The book also comes with a floppy disk containing a tlearn simulator which can be used to run various exercises given in the book. I haven’t tried using this program, so I won’t comment on it, nor on the exercises.

The book has 15 chapters, and it is divided into two sections: principles and applications.

Principles

1: ”The basics of connectionist information processing” provides a general overview of how ANNs work. The chapter begins by providing a verbal summary of five assumptions of connectionist modelling: that 1) neurons integrate information, 2) neurons pass information about the level of their input, 3) brain structure is layered, 4) the influence of one neuron on another depends on the strength of the connection between them, and 5) learning is achieved by changing the strengths of connections between neurons. After this verbal introduction, the basic symbols and equations relating to ANNs are introduced simultaneously with an explanation of how the ”neurons” in an ANN model work.

2: ”The attraction of parallel distributed processing for modelling cognition” explains why we’re supposed to be interested in these kinds of models in the first place. It elaborates on some interesting characteristics of ANNs: the representation of knowledge is distributed over the whole network, they are damage resistant and fault tolerant, and they allow memory access by content. All of these properties show up in the human brain, but not in classical computer programs. After briefly explaining these properties, there is an extended example of an ANN-based distributed database storing information about various gang members. In addition to being content addressable, it also shows typicality effects – it can be asked a question like ”what are the members of the gang ‘Sharks’ like”, and it will naturally retrieve information about their typical ages, occupations, educational backgrounds, and so forth. Likewise, if asked to return the name of a pusher, it will suggest the name of the most typical pusher. In addition to explaining what the model is like, this chapter also explains the reasons for why it works the way it does.

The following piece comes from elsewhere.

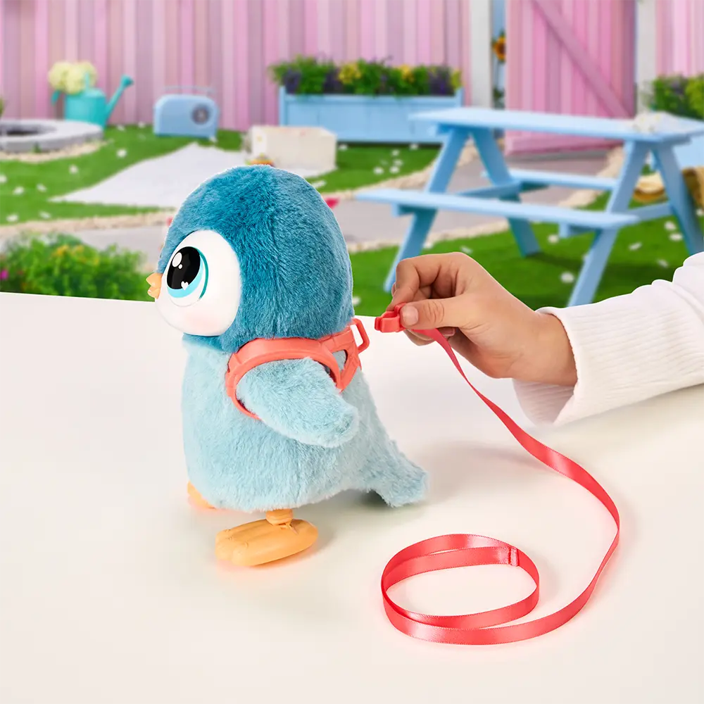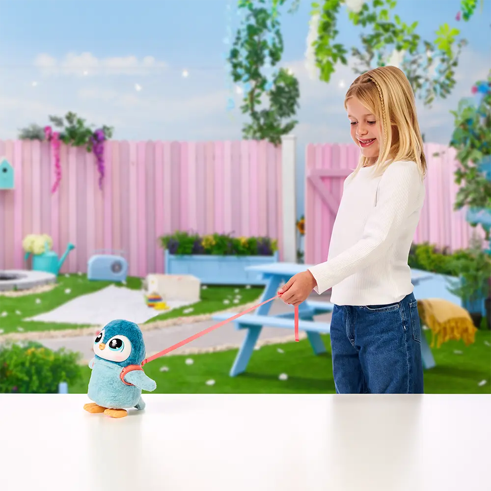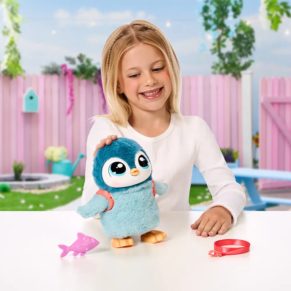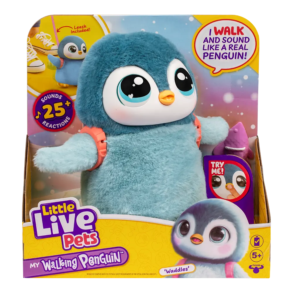 Little Live Pets ¡Mi pingüino caminante! Waddles se mueve y suena como un pingüino real. Aliméntalo con su pescado de alimentación y dale un abrazo mientras reacciona a tu toque. ¡Mira cómo sus alas se aletean y su cabeza se mueve mientras camina! Waddles hace tantos sonidos divertidos y dulces: se alimenta, se ríe, estornuda e incluso puede dejar escapar un lindo pedo también. Con más de 25 sonidos y reacciones, Waddles es súper interactivo y lindo! Waddles tiene un pelaje suave y mullido y alas que se aletean mientras camina. Coloque su correa para llevarlo a caminar o ver cómo se mueve y baila con sus propias melodías. Waddles viene con una correa desmontable para caminar, un pez de alimentación, un folleto de instrucciones y baterías incluidas para que esté listo para jugar de Vulcanita.

3: ”Pattern association” describes a specific kind of an ANN, a pattern associator, and a particular kind of learning rule, the Hebb rule. Pattern associators are networks which are presented with a certain kind of pattern as input and a certain kind of pattern as output, after which they will learn to transform the input pattern to the output pattern. They are capable of generalization: if they encounter an input which is similar to ones they have encountered before, they will produce a similar output. They are also fault tolerant, in that they can produce good results even if parts of the network are destroyed. They also automatically perform prototype extraction. Suppose that there is a prototypical ”average” apple, and all other apples are noisy versions of the prototype. Pattern associators presented with several different patterns representing apples will learn to react the most strongly to an apple which is closest to the prototype, even if they have never actually seen the prototype itself.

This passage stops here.